Cialis 30mg
“In our proposed regulatory system, the government will regulate the markets for credit default swaps and over-the-counter derivatives for the first time.
We will subject all dealers in OTC derivative markets and any other firms whose activities in those markets pose a systemic threat to a strong regulatory and supervisory regime as systemically important firms.
We will force all standardized OTC derivative contracts to be cleared through appropriately designed central counterparties (CCPs) – cialis 30mg. Cialis 30mg: we will also encourage greater use of exchange-traded instruments.
The CCPs will be subject to comprehensive settlement systems supervision and oversight, consistent with the authority outlined above.
We will require that all non-standardized derivatives contracts be reported to trade repositories and be subject to robust standards for documentation and confirmation of trades, netting, collateral and margin practices, and close-out practices.” Click for TESTIMONY
- Statement by Timothy F. Cialis 30mg: geithner
- U.S. Cialis 30mg: secretary of the Treasury
- Committee on Financial Services – U.S.House of Representatives
- March 26 cialis 30mg, 2009
Eliminate vs. Cialis 30mg: regulate
We need to ELIMINATE Systemic Risk, we do NOT need to REGULATE Systemic Risk. The most fundamental tenet of Finance is that returns are a function of risk taken. Why should a Wall Street Bank be able to earn a return by putting the system at risk? Wall Street takes the profits and Main Street eats the losses.
Geithner’s Plan right now is so light on details that it could be a simple whitewash, changing nothing, or it could be a dramatic step toward eliminating systemic risk. The devil is squarely in the details.
It is concerning that Congress, the Administration and Wall Street themselves are trumpeting the idea of regulating Systemic Risk. Regulators fail (they clearly failed in our current crisis). When Systemic Risk Regulators fail then the system will fail again.
Standardized vs. Cialis 30mg: non-Standardized
The biggest question begged by his outline is “where do you draw the line between standardized and non-standardized?” The exchanges have said that 99% of OTC derivatives can clear through an exchange. Gary Gensler said in his testimony that “everything that can clear should clear.” If in fact 99% of OTC derivatives are forced to clear through a central counterparty WITH DAILY MARGIN REQUIREMENTS then this plan will make the financial system invulnerable.
OTC derivatives by their nature are individually negotiated on terms that are different than futures (if they were identical to futures why would anyone trade OTC?). Customization in terms of timing of payments or the basis of the underlying does NOT prevent clearing of these derivatives. So a different blend of jet fuel delivered to ATL (rather than a NYMEX delivery point) can still clear through an exchange even though it is a customized contract.
It is quite conceivable that a regulator intent on exempting OTC derivatives from clearing could look at any contract wih the slightest amount of customization and declare it non-standard. Adopting this measure would result in 99% of OTC derivatives not clearing through an exchange. In this case the regulator becomes a shill for Wall Street, conning the American people into believing that something has been done to protect the system when in fact nothing but whitewashing has occurred.

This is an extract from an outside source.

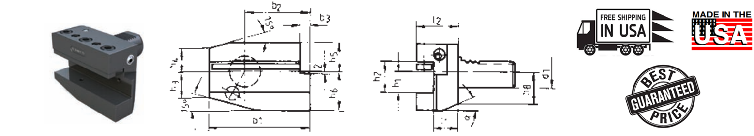 | d1 | b1 | b2 | b3 | h1 in | h1 mm | h2 | h3 | h4 | h5 | h6 | h8 | L1 | L2 | α | Part Number |

Exchange Clearing vs.Central Counterparty
The cause of every systemic financial crisis in history has been excessive leverage. A crashing stock market or housing market does not cause bankruptcies if there is no borrowed money. This financial system meltdown was clearly fomented by 30x leverage at most of the major Wall Street firms. With that amount of leverage when assets drop by 3% or more capital is wiped out. That is what happened in 1929 and that is what happened today.
Forcing 99% of OTC derivatives to clear through an exchange where DAILY MARGIN is required to be posted would dramatically cut the leverage that swaps dealers can take. Cutting leverage cuts profitability. Swaps dealers want to continue to take outsized risks (putting the system at risk) so that they can reap outsized profits for their firms and more importantly for themselves.
The use of the term Central Counterparties (CCPs) rather than saying Exchanges is concerning because it sounds like there is a push on to either not require margin or require substantially less margin than an exchange would require. Exchanges (in competiton) have the incentive to require adequate margin to make sure that the counterparty is able to make good on that individual trade, while not requiring onerous amounts of margin. They can set margin requirements better than any politically appointed regulators.
Additionally you cannot set an initial margin or capital requirement and then walk away. You have got to require daily maintenance margin where if a trade is going against you then you’ve got to come up with more cash to keep it on. If AIG had been required to post daily margin for all their credit default swaps then they never would have gotten into the position where the U.S.had to save them or they’d bring downt the entire system.
If 99% of OTC derivatives clear through an exchange that requires daily posting of margin then systemic risk is virtually eliminated and a systemic risk regulator is just adding a belt to suspenders. But if the systemic risk regulator is a ruse to let 99% of OTC derivatives go uncleared with weak initial capital requirements and no daily maintenance margin then the genie is not back in the bottle and will destroy us again in less than a generation – cialis 30mg.